Start of Input data

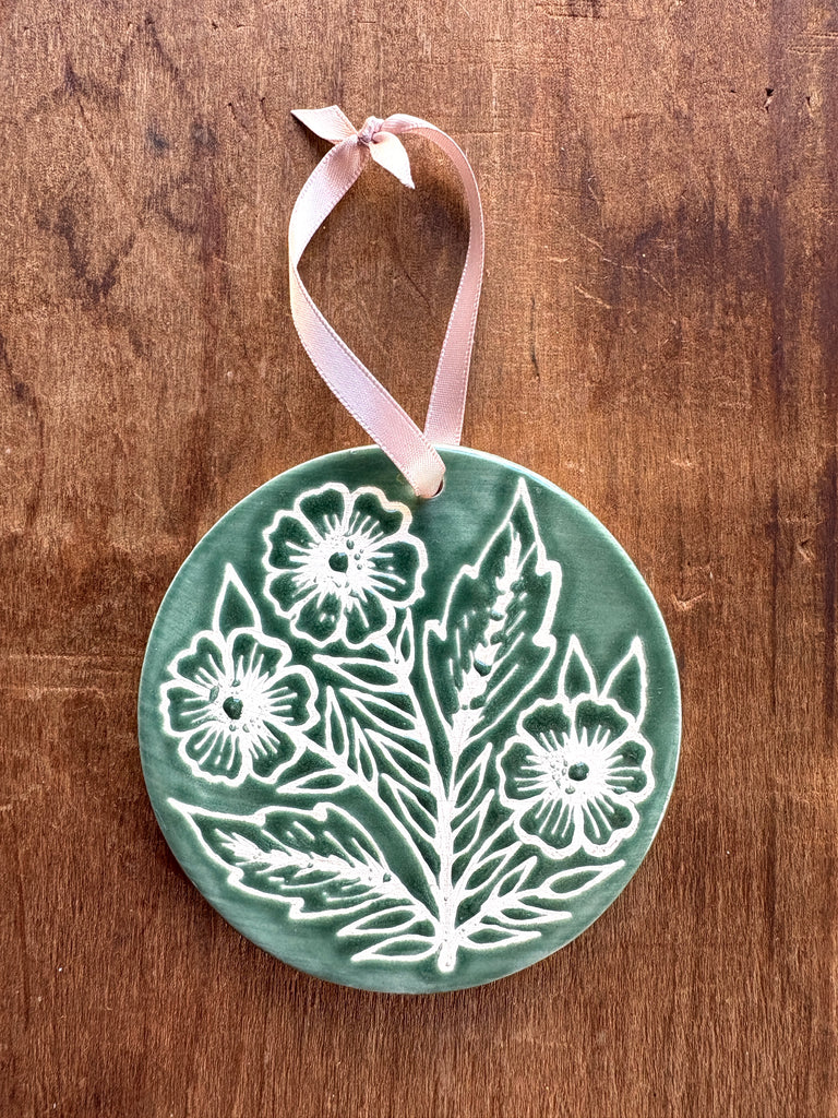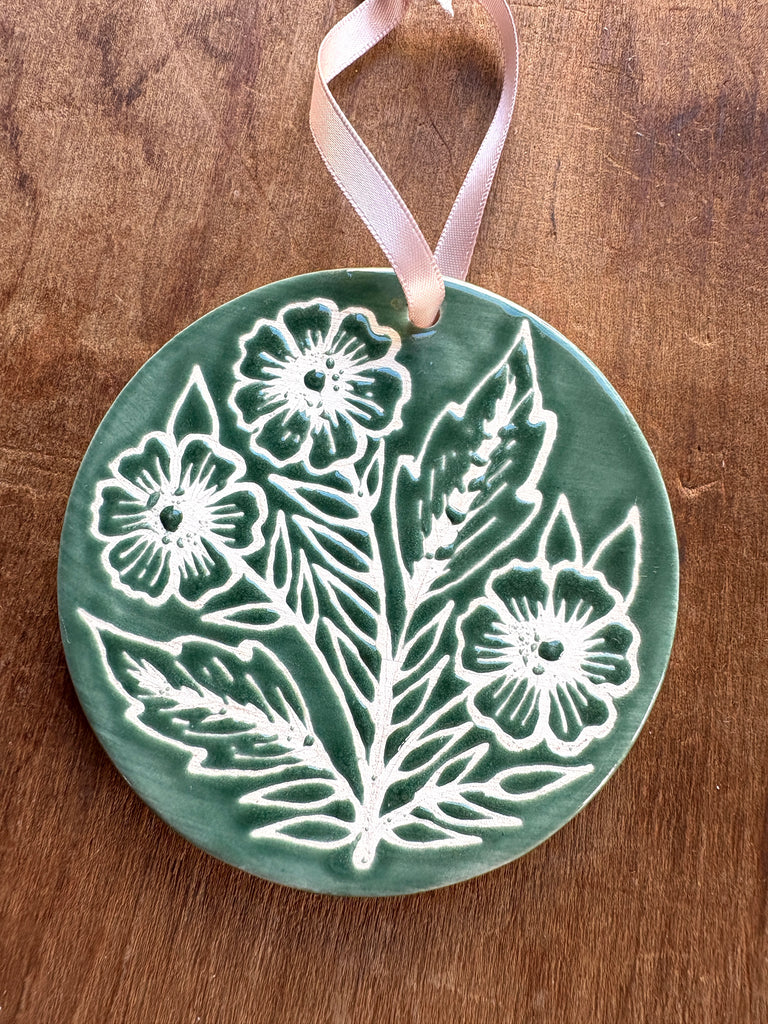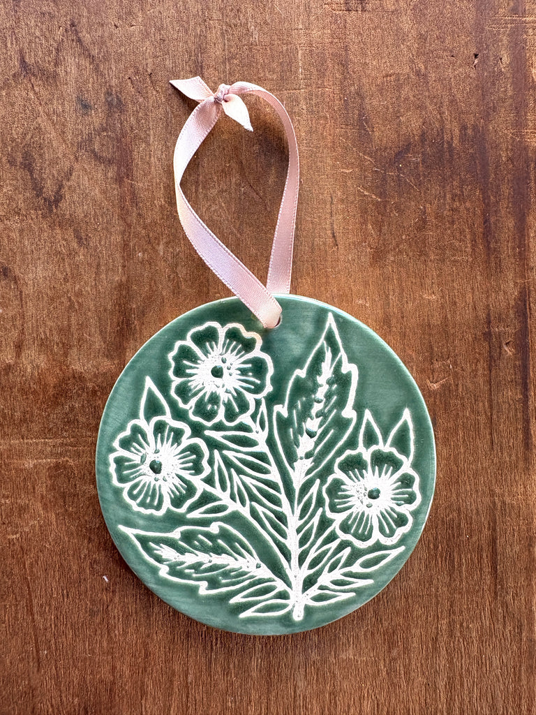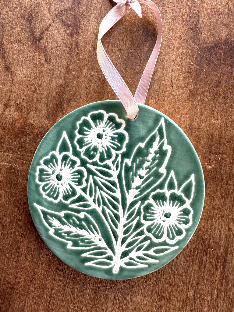 This ceramic ornament features an original hand-painted design by Katharine Watson. The ornament is glazed on the front and unglazed on the back.
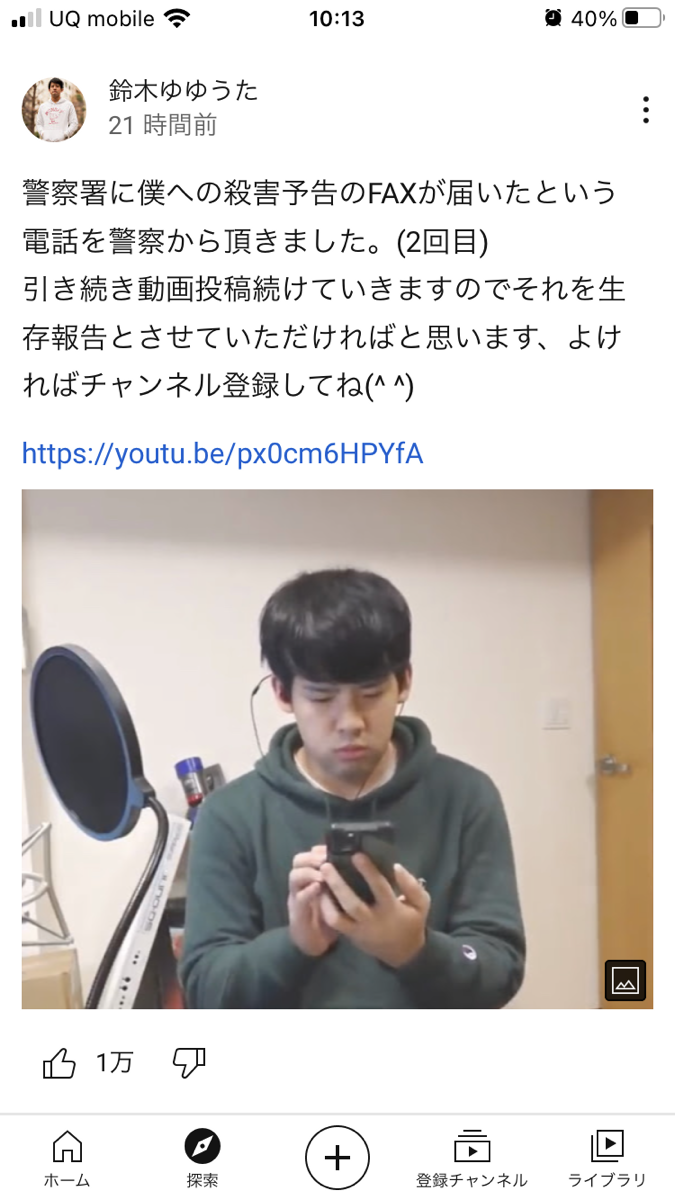 警察から連絡を受け、本日18時に鈴木 悠太を殺すといった内容の殺害予告のFAXが届いたとのことで、「鈴木さん大丈夫ですか?」と確認されたという。
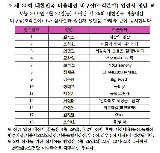 제35회 대한민국미술대전 비구상(조각)부문 입상자 공고
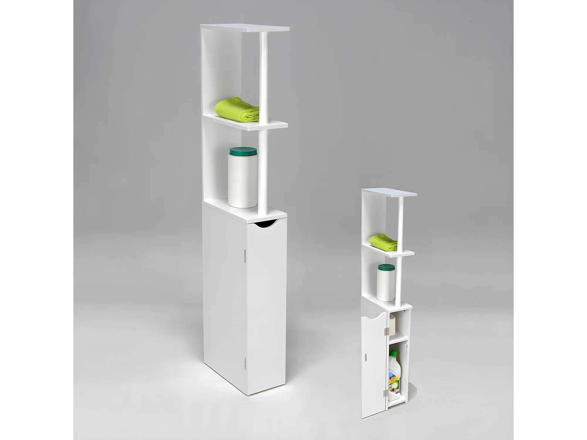 Meuble colonne rangement salle de bain 2 placards 3 étagères style contemporain blanc
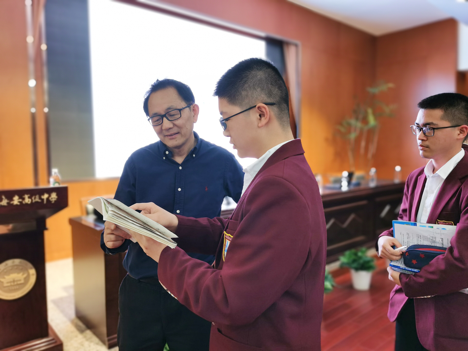 在奥林匹克楼第二会议室,吕建校长与东南大学领导老师就新高考模式下的高中和大学间化学教学与人才培养衔接问题进行了深入的交流。随后,孙岳明书记向吕建校长赠予了在东南大学的海中学子的喜报。
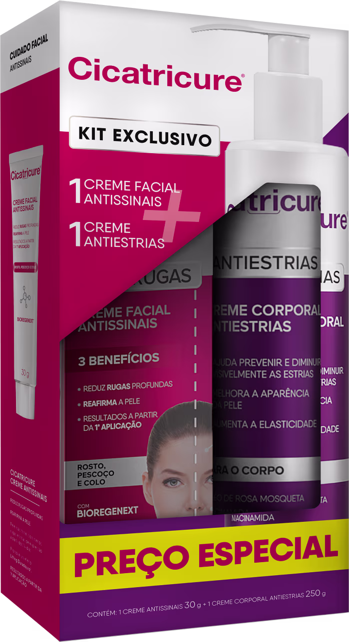 Kit Cicatricure Antiestrias e Antissinais, para pele firme e marcas reduzidas. Melhores Kits de Cuidados para face Cicatricure na BLZ Ver mais ❯

End of Input data

Write out exactly the lines from the one containing "在奥林匹克楼第二会议室,吕建" through the end of the entries, both included. Pictures are not copied.

- _Reply_
 在奥林匹克楼第二会议室,吕建校长与东南大学领导老师就新高考模式下的高中和大学间化学教学与人才培养衔接问题进行了深入的交流。随后,孙岳明书记向吕建校长赠予了在东南大学的海中学子的喜报。
 Kit Cicatricure Antiestrias e Antissinais, para pele firme e marcas reduzidas. Melhores Kits de Cuidados para face Cicatricure na BLZ Ver mais ❯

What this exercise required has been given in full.